# Trossachs



## Andylynne (Aug 15, 2021)

Can anyone recommend an overnight stopping place in the Trossachs please ?


----------



## Fisherman (Aug 15, 2021)

Andylynne said:


> Can anyone recommend an overnight stopping place in the Trossachs please ?


The Ben A’an carpark near to the road to loch Katrine road.
Kilmahog Carpark.
Also on the dukes pass from Aberfoyle there are two or three forestry carparks.


----------



## Fisherman (Aug 15, 2021)

I should have mentioned the Ben A’an carpark is £3 a day to park.
Also there are motorhomes parking places with EHU in the loch Katrine carpark.
Last time I was there it was £10 a night without EHU.

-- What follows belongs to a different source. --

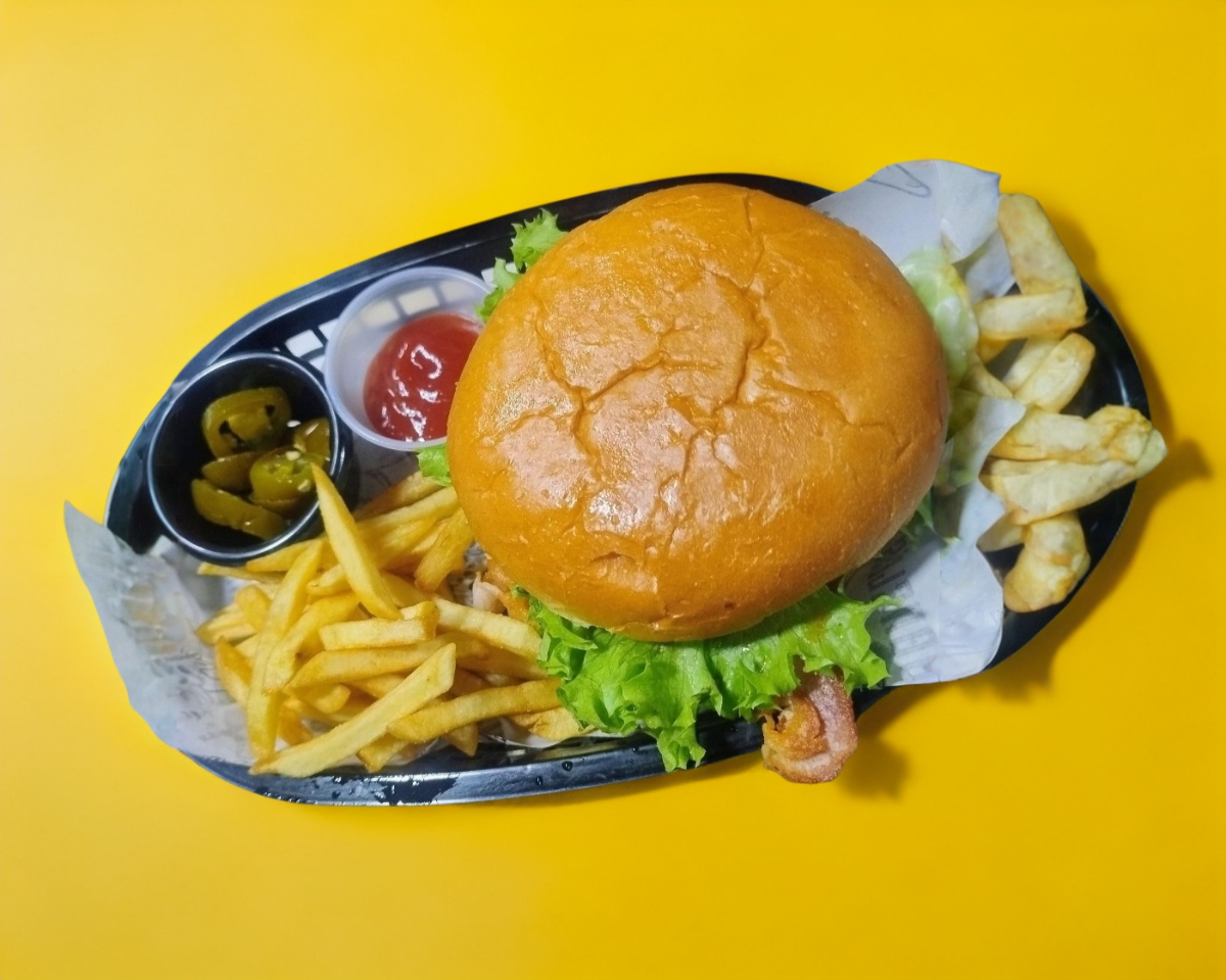 pan brioche, carne de res, tocino, queso tipo americano,pepinillos,jitomate, cebolla, lechuga italiana,aderezo especial, porción de papas y jalapeños

			Camper Van Overnight Visits. – Loch Katrine


----------



## 2cv (Aug 15, 2021)

Forest drive overnight parking Link


----------



## Blue yonder (Aug 16, 2021)

2cv said:


> Forest drive overnight parking Link


Thanks for the link 2cv, I'm sure i will be able to make use of this in the future


----------



## Tats (Aug 17, 2021)

Stayed on 


2cv said:


> Forest drive overnight parking Link


We stayed here last autumn and can thoroughly recommend too. If you're going over a weekend especially and want one of the better stops eg by the water or with a view, try and get there as early as you can, but it's a great place nonetheless and once they've locked the gate for the night it's great not to have vehicles passing by the whole time.


----------



## Rolyan57 (Aug 17, 2021)

Blue yonder said:


> Thanks for the link 2cv, I'm sure i will be able to make use of this in the future


I can highly recommend it.


----------



## Andylynne (Aug 19, 2021)

Fisherman said:


> I should have mentioned the Ben A’an carpark is £3 a day to park.
> Also there are motorhomes parking places with EHU in the loch Katrine carpark.
> Last time I was there it was £10 a night without EHU.
> 
> ...


Thankyou for the info, we stayed overnight at beautiful Loch Katrine, 20 quid all in, well worth it ! The other sites you mentioned are permits only and we just couldnt get one. Been in Killin for 2 nights on a site , tomorrow we head for Onich, so hoping to stop over at Loch Tulla view point, then we have 5 nights on camp site. Loved every minute so far. X


----------



## Jimhunterj4 (Aug 28, 2021)

Fisherman said:


> The Ben A’an carpark near to the road to loch Katrine road.
> Kilmahog Carpark.
> Also on the dukes pass from Aberfoyle there are two or three forestry carparks.


Usually always empty too


----------